Whoa...I don't think I could handle two. One's bad enough!

Really, I love my guy. But he's a royal pain in the behind! :lol:

PRS
Jul. 30, 2010, 10:43 AM
17 years ago my husband came home from work and asked me if I wanted a pot bellied pig. I said NO WAY! He came home a few days later and asked me again....NO! The next time he came home he said that all the other people who were interested in the piggie wanted to know how much he weighed and did they make good eating :eek:. Soooooo.....I got a piggy. His previous owner had named him Harley B. Hogg. Harley wasn't even 1/2 grown and already weighed over 40lbs. He would mount anything...soccer balls, dogs (she didn't appreciate it) buckets...what ever he could find.....and he SMELLED really bad. Un-neutered males stink. I took him to the vet to have him neutered and he's been fine ever since. I thought he needed company and got a baby pig. I chose a female this time. He never did like her. She would go into heat and go wandering looking for companionship. She was followed home by another little male pig who promptly knocked her up. Sadly all 9 of the babies were still born. :(

The female pig lived in the house until she was big enough to stay outside.

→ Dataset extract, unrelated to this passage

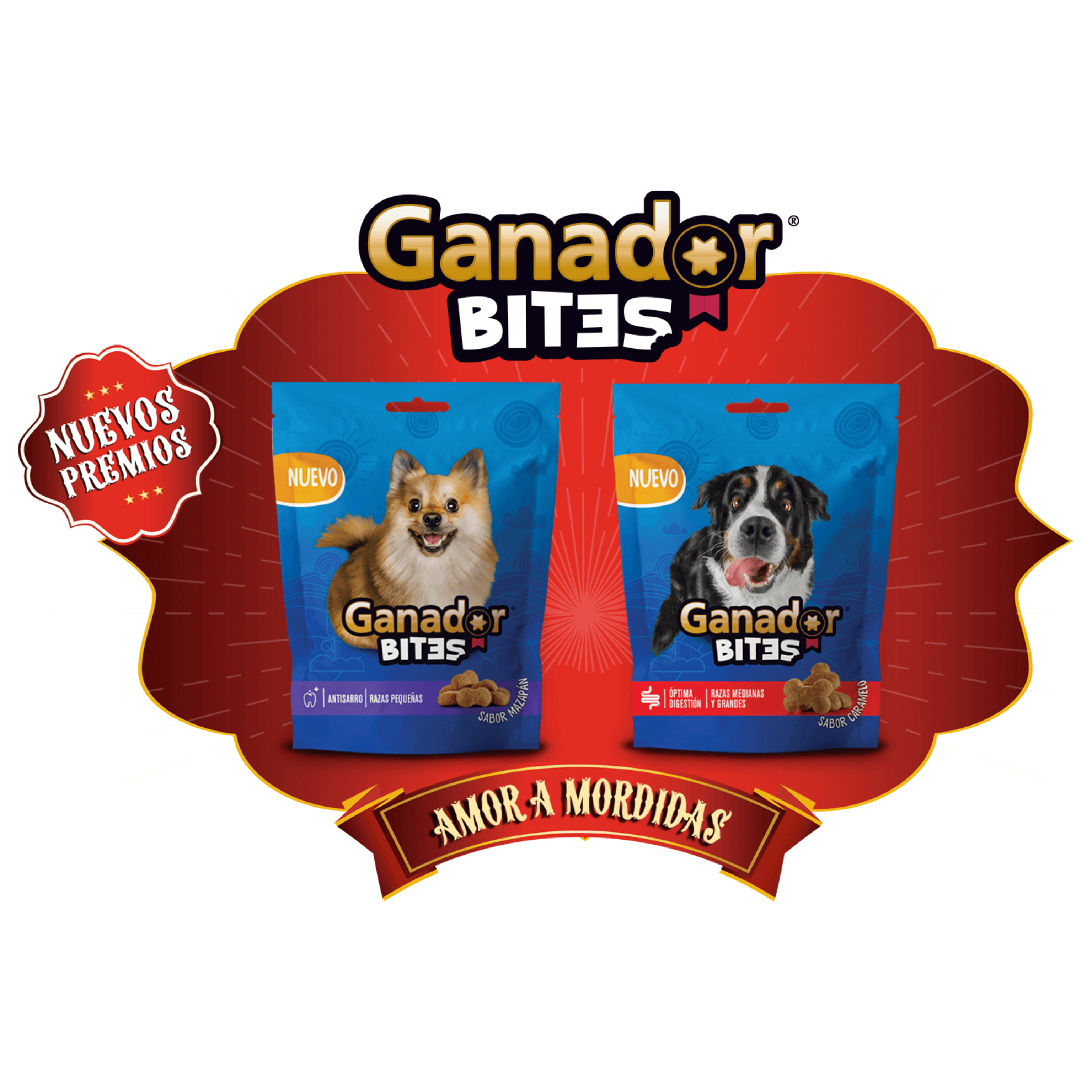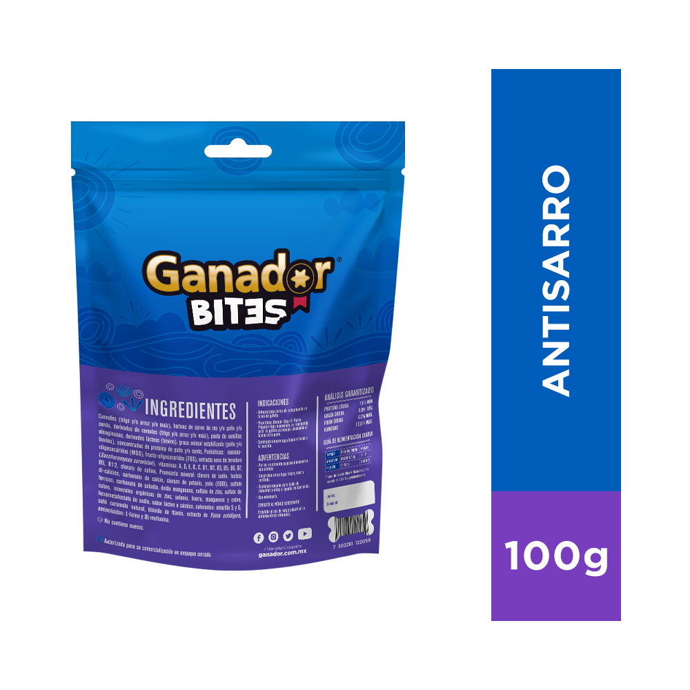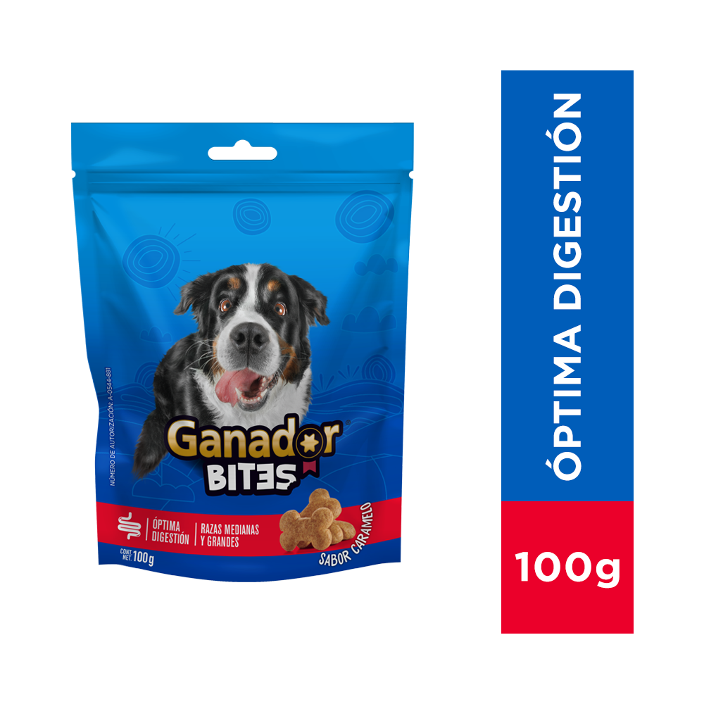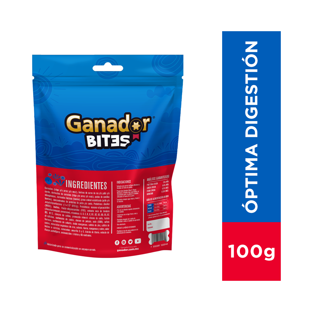 Nota: 1 Pieza de Ganador® Bites Razas medianas y grandes equivale de 2.5 a 6 g aproximadamente.

They are very smart and it's true that they are smarter than a dog. She housebroke easier than any dog I've ever had. She soon got too big though and went out to live with Harley. They had piggie condos....each had their own half of a piggie sized run in shelter. Deep enough that they could snuggle into the back of it to stay out of the wind and protected from the weather. I bed it with straw. Piggies are naturally very clean and will not poop where they eat if they can help it. They appreciate a piggie sized pool of water when the weather is really hot but their skin should be protected from the the sun as they will sunburn. Mine like a good old fashioned mud wallow too.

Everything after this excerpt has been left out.